This season is being plagued by crashes. A LOT of crashes. Eventually, I just close everything besides Dwarf Fortress and Therapist, and the problem seems to go away. Despite this, I choose to blame the goblins on the surface.

While the new invasion is making its way into the ‘fort’, the old goblin invasion needs to be culled; if nothing else, the cages will soon be needed. Some 30 trolls, and a few beak dogs and goblins, have been marked for pasturing. They’re all killed without any incident, unless one counts the spectacular cratering of military morale.



The civilians are all fine, despite having to haul and dump the remnants of the slaughter, but among the 50 troops, we now have 14 unhappy dwarves, and 2 very unhappy ones, who both underwent temporary breakdowns.

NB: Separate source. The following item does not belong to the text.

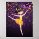 Este balé de Halloween, um belo poster, apresenta uma fabulosa lua roxa e laranja e estrelas de fundo com uma adorável bailarina vestindo um chapéu de bruxa com um taco fofo.

All these goblins who are attacking us come from a civilization named The Taut Omen-Seduction. Since that makes no sense, I’ll shorten it to TOS, and refer to its members as ‘tossers’.


Six years ago when the Legends export was made, the tossers had 3,426 Goblins, 24 Humans and 23 Dwarves as members. This makes them the second largest goblin civ, after the Disgusting Dungeons who have nearly 6,000 goblins, and enough brains to focus on the tower -- we’re at peace with them, and so are the humans. For the sake of completeness: the Disgusting Dungeons, undisputed world power; half of all sentients of Sil Kodor are a member of this civilization.


And the comparatively much smaller Ivory Monsters, who have barely 1,200 members in 3 active sites, and are also at peace with us & fighting only the tower.


Incidentally, all these 3 civs are led by demons, and each demon has its own vault in the world; two of them are within the reach of the tower, but the tower had more sense than to go poke at them.

Summer. After all the large clothing is sold to the humans, the military receives its first mission. They start easy, exploring two abandoned dark pits.

They return soon after, nothing new has happened in the dead sites. Also, no change has been done in the stats of the exploring dwarves; part of why I sent them on a raid was to up their sneaking abilities, but clearly going in an uninhabited place isn’t a reason to be sneaking.



(I’m also getting frustrated by the dwarves dumping their armor and gear at the edge of the map, when arriving back; but that’s tolerable).

Almost by accident, the civilization map exploration also stops on dreaded ClanWorks; it’s listed as uninhabited, and chock full of the treasure of dwarvenkind:


Since none of these books appear to hold the secrets of life and death, a scouting party is sent with orders to retrieve whatever treasure they can manage. Then I get greedy, and send two more, with the same orders.

All 30 dwarves return in almost the same day, without any issues; no mention of demons whatsoever. They’ve brought a book each, as I expected; old ClanWork is a great deal poorer now:


Raiding will continue, after the season change; either my scouts will find the missing demons, or they’ll turn Clanwork into an empty shell of its former self, and HopeWork will truly become the capital of dwarvenkind.

Speaking of: while looking around, I find out HopeWork is not in fact the mountainhome, despite the king living here. If the dwarven caravan comes over, they’ll be gifted enough to push us over the edge.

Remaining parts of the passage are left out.